To take the big picture on consciousness, the best way to do that was through philosophy where you can exploit the work that scientists are doing, but try to integrate it all together. People like Dan Dennett and many others have shown that that’s possible. I got drawn into thinking about consciousness while still thinking about computers and everything else. Eventually it seemed to me there was a huge problem that we didn’t understand, and I ended up writing a book all about the hard problem of consciousness. I spent a lot of my life working on the topic of the place of the mind and consciousness in the physical world.

But at the same time, this fascination with computers has never gone away. As a philosopher you get to think about the nature of the mind and the nature of the world, and my focus has lately been going more and more to the technology and to the world side of the equation. An intermediate point was when I started doing work with Andy Clark on the extended mind, which is the idea that the technology that we use somehow becomes part of our mind.                 

My smartphone, for example, has become part of my memory system. We used to use our biological brains to remember phone numbers. Who uses their brain to remember a phone number anymore? Your smartphone does it instead. Andy and I argued that our technology was literally becoming extensions of our minds. This is extending the mind out into the world. And this is something which digital technology does for us. Virtual reality technology is taking this just another step further with these artificial worlds.                 

Coming very soon is going to be augmented reality technology, where you see not only the physical world, but also virtual objects and entities that you perceive in the middle of them. We’ll put on virtual augmented reality glasses and we’ll have augmented entities out there. My face recognition is not so great, but my augmented glasses will tell me, "Ah, that’s John Brockman." A bit of AI inside my augmented reality glasses will recognize people for me.                 

My firm prediction is that smartphones are going to disappear the way that pagers did. Everything is going to be in our glasses.
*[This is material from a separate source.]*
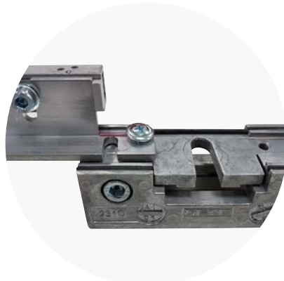
2. Fix the carrier Brackets onto the Glass Clamp.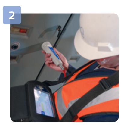
Can be carried halter-style or over-the shoulder

Who’s going to need a smartphone once you’re wearing glasses or contact lenses that just project screens into the world in front of you far bigger, more readable, more engaging than anything you can get on a smartphone or even a desktop computer, and much more interactive? That’s in development. In two or three years that stuff is going be out there more. In ten or fifteen years my guess is that’s going to become our fundamental way of interacting with computers. There's not going to be such a need for screens in everyday life.              
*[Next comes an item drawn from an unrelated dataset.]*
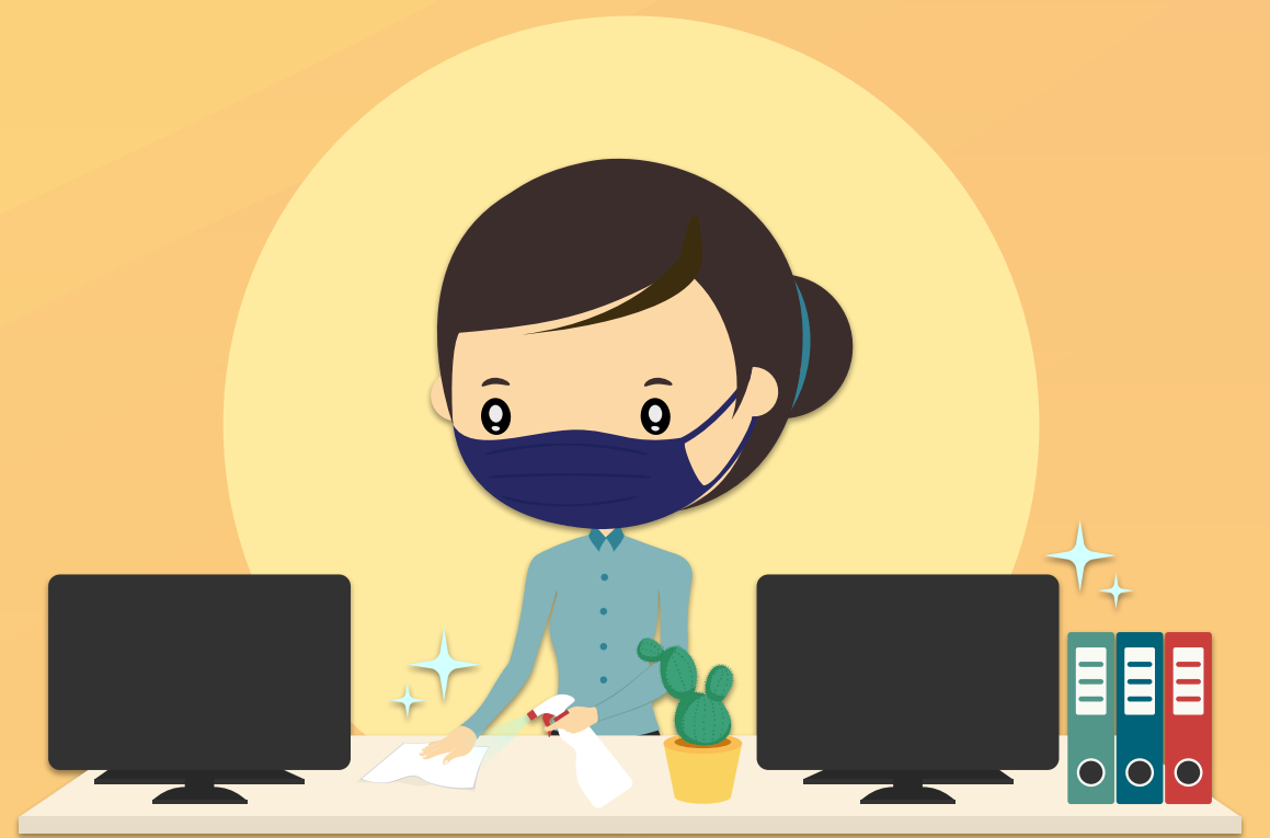
Disinfect shared surfaces before and after use

I’ve been talking here as if AI is one topic and virtual reality is another topic, but the day is coming when they are integrated. When, for example, we use glasses to project an augmented reality, a computationally generated environment with all kinds of information partly driven by AI. It will recognize people for us. It will give us recommended routes.  

At that level, artificial intelligence will start to become an extension of my mind. I suspect before long we’re all going to become very reliant on it. I’m already very reliant on my smartphone and my computers. These things are going to become more and more ubiquitous parts of our lives. The mind starts bleeding into the world. So many parts of the world are becoming parts of our mind, and eventually we start moving towards this increasingly digital reality. And this raises the question I started with: How real is all of this?                  

It’s ultimately going to be an interaction of artificial or augmented minds with artificially augmented worlds. It’s this augmentation, this mixing of the natural, the physical, and the artificial both on the side of the mind and on the side of the world that’s in our future. AI augmenting the mind, virtual reality augmenting the world, and the two of them all in interaction. That’s my vision of the future.